Ils pleurent: ils ont reconnu le roi de l'Annam et sa sœur héroïque. Ils s'efforcent d'attirer les corps sur le rivage, mais ils ne peuvent y réussir: la force de tant de bras est impuissante. «Mais le Prince à la Tête Sanglante s'avance et, aussitôt, de lui-même, le radeau de fleurs s'approche, touche la rive.

«Alors le Prince se couche aux pieds des deux saintes et sa tête sanglante roule de ses épaules.

«A la place même où eut lieu le miracle, on éleva la Pagode des Deux Princesses, qui nous abrite encore aujourd'hui et où ma voix chante pour vous.

«Les colonnes orgueilleuses élevées par le chef chinois et qui disaient: «L'Annam périra le jour où elles seront renversées», ont disparu depuis longtemps.

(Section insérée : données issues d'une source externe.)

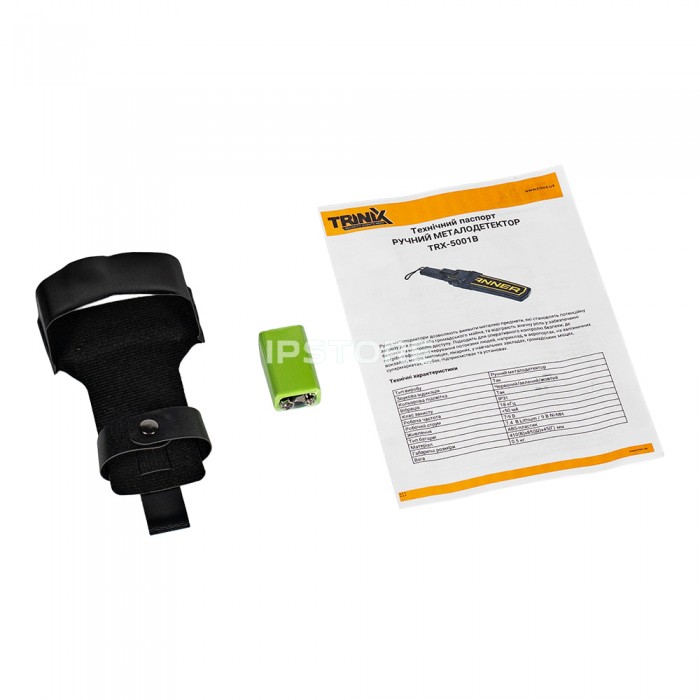Ручний металодетектор Trinix TRX5001B1 із двома режимами індикації тривоги: звук та світло/світло та вібрація. Робоча частота 18 кгц. Максимальна гучність 75 дБ. Номінальна напруга живлення 9 (працює від батареї), робочий струм 50 мА.

«Mais les noms de Ba-Tioune-Tiac et de Ba-Tioune-Nhi sont encore dans tous les cœurs, sur toutes les lèvres. Les deux héroïnes, devenues déesses, veillent sur l'Annam sans se lasser jamais.

«Car il y a aujourd'hui mille huit cent cinquante-sept années que le Prince à la Tête Sanglante vint tomber aux pieds des sœurs glorieuses.»

UNE DESCENTE AUX ENFERS

Un jour la belle Miou-Chen s'éveilla d'un long sommeil. Elle était dans une foret sauvage, couchée sur des lotus; à ses pieds dormait un tigre couleur de jade.

Tandis qu'elle promenait autour d'elle ses regards surpris, elle vit venir entre les arbres un jeune garçon à la peau brune et luisante qui portait un étendard claquetant dans l'air et froissant le feuillage.

L'enfant s'approcha d'elle, et, appuyant sur le sol la hampe de sa bannière, il la salua.

– Je viens à toi par l'ordre du seigneur des enfers, dit-il; le grand Roi de Jade admire ta sagesse, et si ton courage est sans défaillance il consent à te laisser franchir la porte de la terrible cité de Fou-Tou-Tchan et visiter son royaume.

Miou-Chen se leva sans trembler, et à travers la sombre frondaison, regarda les étroits lambeaux du ciel bleu.

– En quelque lieu que je me trouve, tant que ma vertu ne faiblira pas, le maître du ciel me protégera, dit-elle.

– Viens donc, dit le jeune garçon, en soulevant la bannière sanglante, le roi des dix enfers t'attend près du pont d'or de Pou-Tien!

Bruyamment il se fraya un chemin à travers les branches et Miou-Chen le suivit.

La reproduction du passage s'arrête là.